Stream: implementers
Topic: publicKey in Endpoint
Luke Duncan (Mar 23 2017 at 13:58):
I see that publicKey was removed from endpoint and suggested to use an extension. Will there be a standard extension defined or should we just set up our own?
John Moehrke (Mar 23 2017 at 14:43):
Luke, can you explain your use-case? The only use-case we have where it would be helpful to publish the publicKey in the Endpoint is where that endpoint is an asynchronous communication type. So of the types of endpoints, this only applies to Direct. Isn't it more appropriate for Direct to publish those Certificates with the Provider? As the Certificate is not just an endpoint, but an identity, and signing. --- Note it isn't there either... so ultimately it should be somewhere, but where is the most appropriate?

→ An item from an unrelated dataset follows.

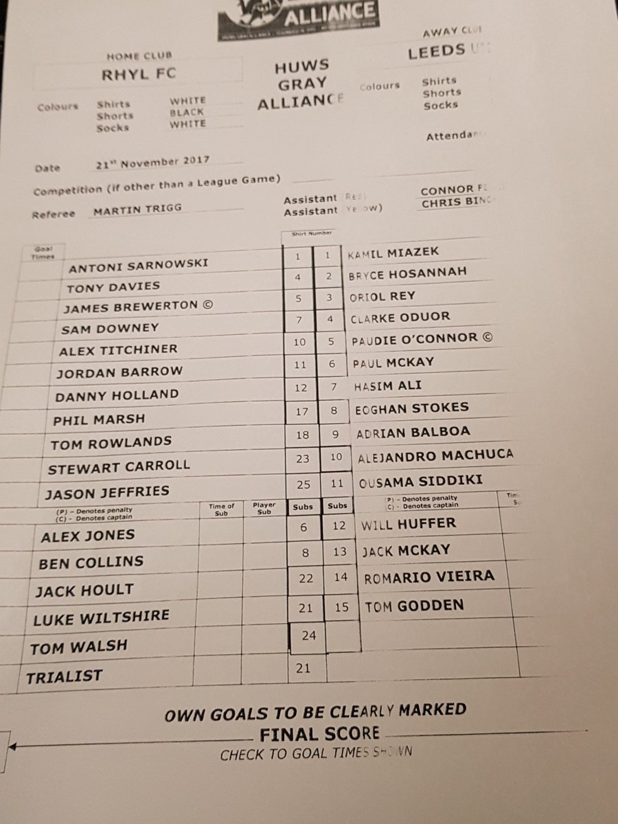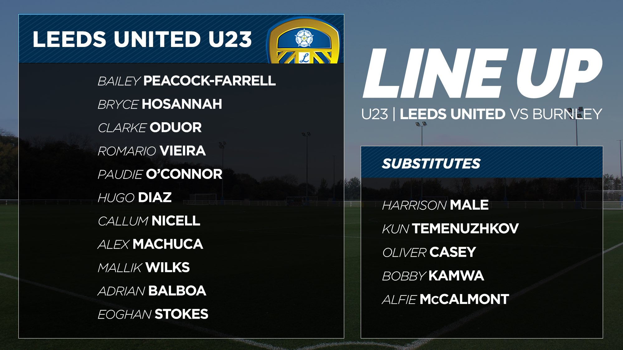 Leeds U-23s team v Forest (1.30pm): Male, Hosannah, Pearce, P McKay, O'Connor, Kitching, Rey, Romario Vieira, J McKay, Shackleton, Siddiki.  Subs: Huffer, Odour, Machuca, Balboa, Clarke. #lufc

Luke Duncan (Mar 23 2017 at 17:41):
I believe it was to allow organizations or practitioners to receive communication by being able to look up the certificate to encrypt the message before sending.
John Moehrke (Mar 23 2017 at 17:47):
Okay, so your usecase is an asynchronous messaging such as Direct. Understood. I just wanted to make sure there was no misunderstanding, or new use-case that was not understood.
John Moehrke (Mar 23 2017 at 17:47):
Is it then right to create an Endpoint for each Direct address? I am not against this, just wanting to understand the potential ramifications.
Carl Leitner (Mar 23 2017 at 18:08):
As an FYI, I looked back at my the argonauts did with the provider directory work:
http://argonautwiki.hl7.org/index.php?title=Provider_Registry_Implementation_Guide
The don't specify where the PKI certificate should go. They do put the DIRECT address in an extension.
John Moehrke (Mar 23 2017 at 19:04):
certainly needed to support Direct usecases. I could see why it might be a US extension.
Grahame Grieve (Mar 23 2017 at 19:37):
@Brett Marquard has this been discussed in Argonaut?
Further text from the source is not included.